# By applying a force of 300 N to the long end of the arm, the worker lifted a load of 1500 N to a height of 0.1 m.

**By applying a force of 300 N to the long end of the arm, the worker lifted a load of 1500 N to a height of 0.1 m. What work was done by the worker? How far was the end of the pole held by the worker? What work was done by gravity?**

F1 = 300 N.

P2 = 1500 N.

h2 = 0.1 m.

g = 9.8 m / s2.

A1 -?

h1 -?

A – ?

Simple mechanisms, such as the lever, do not give a gain in mechanical work, they give a gain in strength.
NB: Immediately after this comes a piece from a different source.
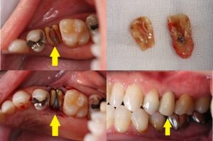 神経を取った後の歯はファイバー等を使用して根を補強してから冠を被せる治療が一般的です。ところが、神経を取った歯に咬む力が強くかかると、根にひびが入ったり割れたりすることがあります。その場合、歯茎が痛み、膿が出たりするばかりか、長期に放置すると根の周囲の骨が吸収してしまうので、現状では抜歯になるのが一般的で、歯を失う大きな原因の一つとなっています。当外来では10年以上前から、縦にひびが入るか、割れてしまった歯根を一度抜歯して、接着剤で元通りに修復し、再度元の位置に植え直す処置を行っています。これまでにこのように治療した歯は3年経過後に約8割、5年経過後に約7割使えています。場合によっては抜かずにひびを修理する簡単な手術をすることもあります。もちろん、このような対応ができない場合もありますが、エックス線撮影等の検査によってその可能性はある程度判断できますので、是非ご相談ください
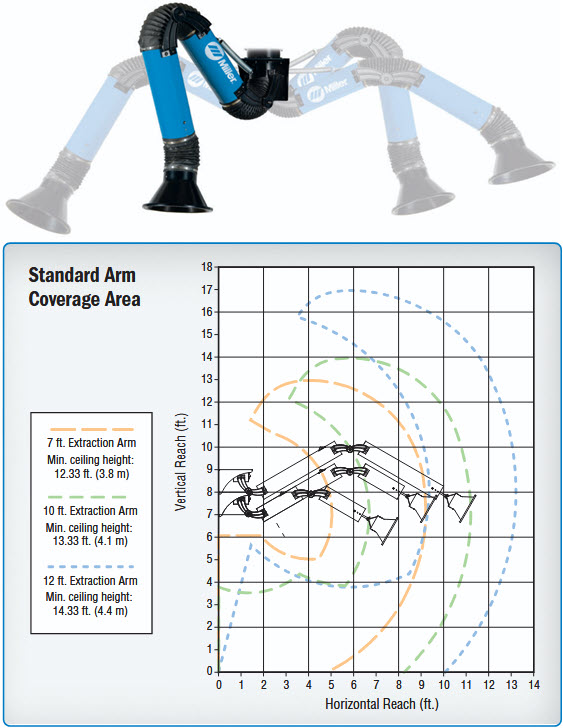 Genuine Miller® FILTAIR® 6-Inch Diameter Standard Fume Extraction Arm is available in 7 ft., 10 ft. or 12 ft. lengths, and is a critical part of your shop's overall weld fume removal solution. It comes preassembled and is designed to be mounted to a wall, pedestal, column or welding fume extractor. External controls and adjustments allow for greater air flow through the arm itself, with no internal components to restrict circulation. FILTAIR® Standard Extraction Arms are compatible with Miller FILTAIR SWX fume extractors, centralized shop systems or competitive equipment.

Work from opposite sides of the lever is equal to each other: A1 = A2.

A1 = F1 * h1.

A2 = P2 * h2.

F1 * h1 = P2 * h2.

h1 = P2 * h2 / F1.

h1 = 1500 N * 0.1 m / 300 N = 0.5 m.

A1 = 300 N * 0.5 m = 150 J.

We express the work of gravity A by the formula: A = m * g * h2 * cos180 °.

P2 = m * g.

A = P2 * h2 * cos180 °.

A = 1500 N * 0.1 m * (-1) = -150 J.

Answer: the worker has done work A1 = 150 J, the pole has dropped to a distance of h1 = 0.5 m, gravity is doing work A = -150 J.